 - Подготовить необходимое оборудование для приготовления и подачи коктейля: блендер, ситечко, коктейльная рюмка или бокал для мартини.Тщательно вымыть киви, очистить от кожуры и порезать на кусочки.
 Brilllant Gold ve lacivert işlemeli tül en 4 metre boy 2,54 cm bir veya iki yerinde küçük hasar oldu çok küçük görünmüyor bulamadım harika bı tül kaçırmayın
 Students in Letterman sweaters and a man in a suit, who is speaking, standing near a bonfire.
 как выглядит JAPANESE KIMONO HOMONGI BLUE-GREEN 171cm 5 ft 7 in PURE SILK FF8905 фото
———
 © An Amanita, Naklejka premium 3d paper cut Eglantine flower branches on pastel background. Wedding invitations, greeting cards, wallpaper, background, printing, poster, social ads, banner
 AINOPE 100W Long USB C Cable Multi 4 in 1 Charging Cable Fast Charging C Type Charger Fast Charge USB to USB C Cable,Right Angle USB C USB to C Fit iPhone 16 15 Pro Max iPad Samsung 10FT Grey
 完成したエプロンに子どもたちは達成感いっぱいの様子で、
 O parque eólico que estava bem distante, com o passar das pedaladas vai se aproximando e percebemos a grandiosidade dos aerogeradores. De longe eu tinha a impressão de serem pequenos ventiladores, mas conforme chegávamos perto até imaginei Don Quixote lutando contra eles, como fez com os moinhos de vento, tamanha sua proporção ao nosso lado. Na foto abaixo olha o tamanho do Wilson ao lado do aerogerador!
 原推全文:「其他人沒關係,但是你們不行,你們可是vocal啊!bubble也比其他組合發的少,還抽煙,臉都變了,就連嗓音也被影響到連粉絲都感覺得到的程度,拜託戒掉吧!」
———
**WHAT IS NEEDED:**
Scan the entries above for the line containing "- Подготовить необходимое", and copy it and all lines after it exactly, down to and including the line containing "Students in Letterman".

**REPLY TO THE TASK:**
 - Подготовить необходимое оборудование для приготовления и подачи коктейля: блендер, ситечко, коктейльная рюмка или бокал для мартини.Тщательно вымыть киви, очистить от кожуры и порезать на кусочки.
 Brilllant Gold ve lacivert işlemeli tül en 4 metre boy 2,54 cm bir veya iki yerinde küçük hasar oldu çok küçük görünmüyor bulamadım harika bı tül kaçırmayın
 Students in Letterman sweaters and a man in a suit, who is speaking, standing near a bonfire.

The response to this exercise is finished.